Two of the amino acid changes, M86I and M183I, are located in transmembrane regions: M86I in region S3 and M183I in region S7 (Figure 6). Both methionine (M) and isoleucine (I) are hydrophobic uncharged amino acids. M86I is notably also found in the A.30. The L98F mutation lies in what is likely to be the cytoplasm face of the protein between the S3 and S4 transmembrane domains. We note that NSP6 is mutant in many variants of interest and concern including Alpha, Beta, Gamma, Lambda, Kappa, Iota, Eta, and Mu.
There are five mutations throughout Orf1ab that are synonymous or do not result in an amino acid change. While these do not affect protein structure, they may play a role in RNA transcription and replication. These include C4753U in NSP3, C8782U in NSP4, C10747U in NSP6, C16575U in NSP13, and C17745U in NSP12.

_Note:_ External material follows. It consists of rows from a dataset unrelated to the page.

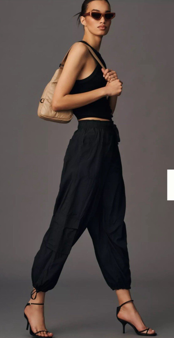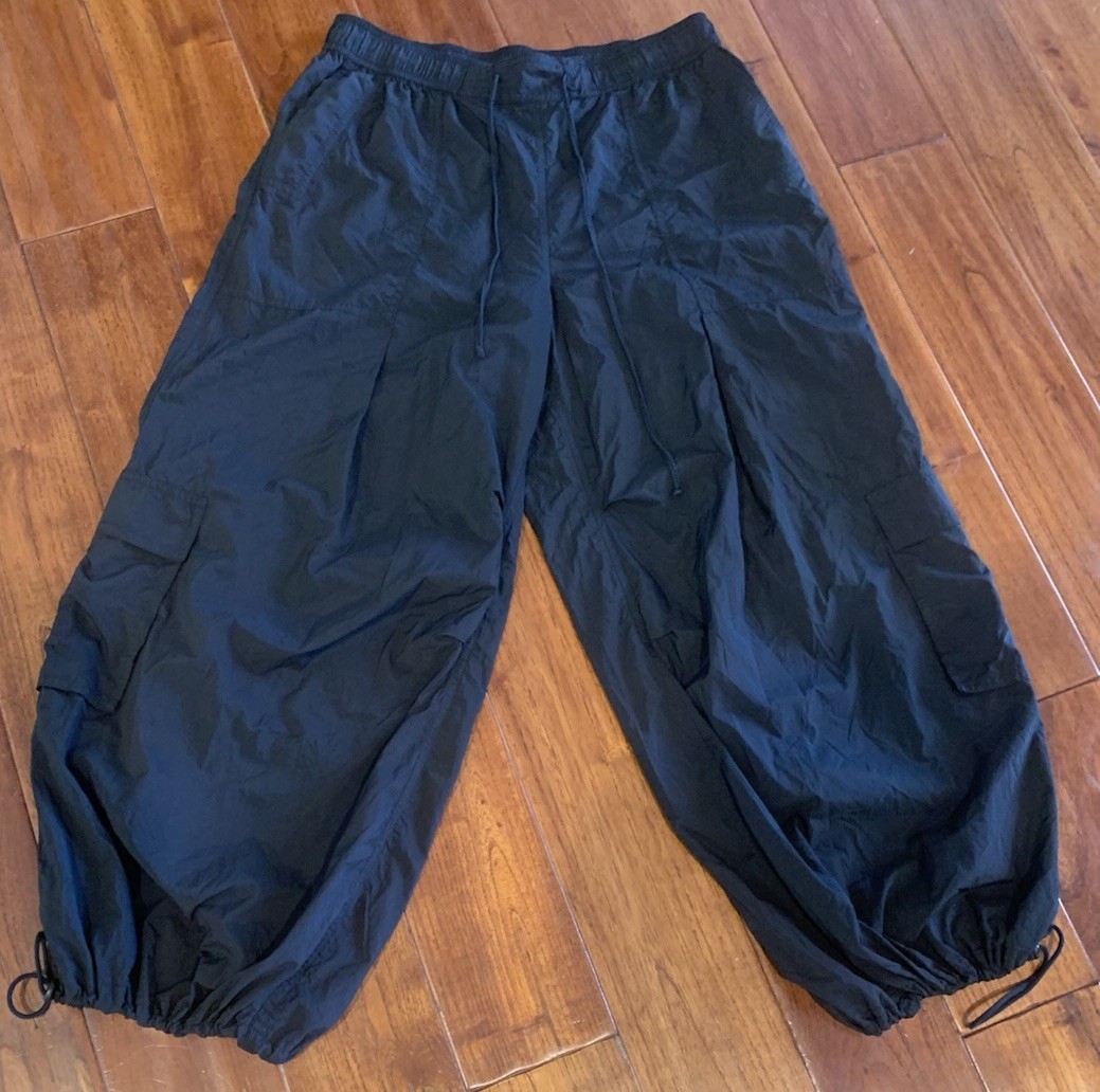 как выглядит Daily Practice Antropologie Base Jump Parachute Pants Womens M Black Cargo Baggy фото
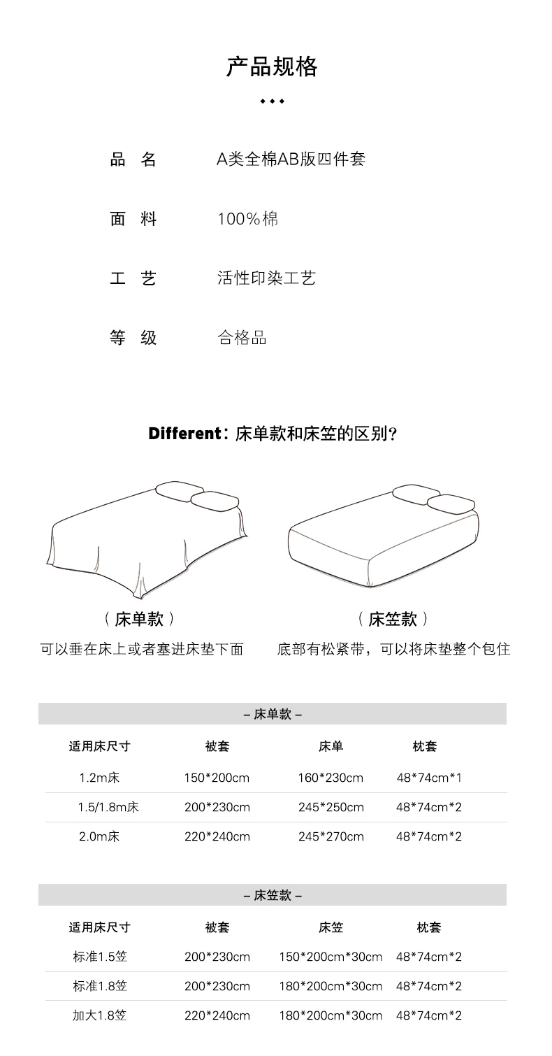 1.8m被套加大床笠款四件套 | ¥175.00 |
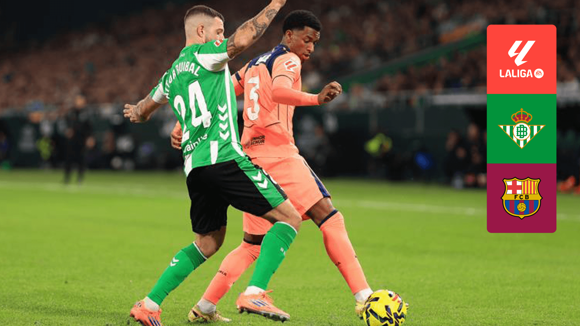 La bella vittoria nel derby contro il Siviglia ha confermato lo status d'alta classifica del Betis. A La Cartuja i biancoverdi ora ospitano il Barcellona di Flick a pochi giorni dall'impegno infrasettimanale contro l'Atletico: chi otterrà i tre punti? Segui LaLiga EA Sports su DAZN! Telecronaca di Luca Farina

The Nucleocapsid Protein (N)
There are two mutations in the N protein of A.23.1. One changes the amino acid at position 202 from serine to asparagine. The second is silent. N, like many other viral proteins, is multifunctional. In addition to forming the helical nucleocapsid, N is reported to be required for packaging the viral into infectious particles. Other functions of N include facilitating replication of the viral genome and synthesis of viral messenger RNAs. The N protein is also reported to suppress innate immune responses to viral infection. Amino acid 202 is located at a critical junction, connecting several active domains which modulate the RNA binding, oligomerization, and physical-chemical properties (phase separation) of the N protein (Figure 8). The Tanzanian variant A.30 also carries the S202N mutation.
The Open Reading Frame Protein-8 (Orf8)
The Orf8 protein of A.23.1 is mutant at amino acid positions 84 and 92. Both mutations are predicted to alter the structure and possibly the function of the Orf8 protein. The L84S mutation is a substitution of leucine for serine, a nonpolar-to-polar shift. The mutation E92K results in a change of glutamic acid to lysine, a shift from a negative to the positively charged residue. Orf8 interferes with immune recognition and destruction of SARS-CoV-2 infected cells.
Summary
The discovery of two distinct but distantly related variants in East Africa is concerning in and of itself. The observations that these variants arose independently from all others in the world, lacking the distinctive triad of mutations that link all other current variants demonstrates the versatility of SARS-CoV-2 adaptations to local conditions. These findings heightened the urgency for vigorous global surveillance and early detection of new variants focused on the sequence of the entire viral genome, not select regions, such as the S gene, only.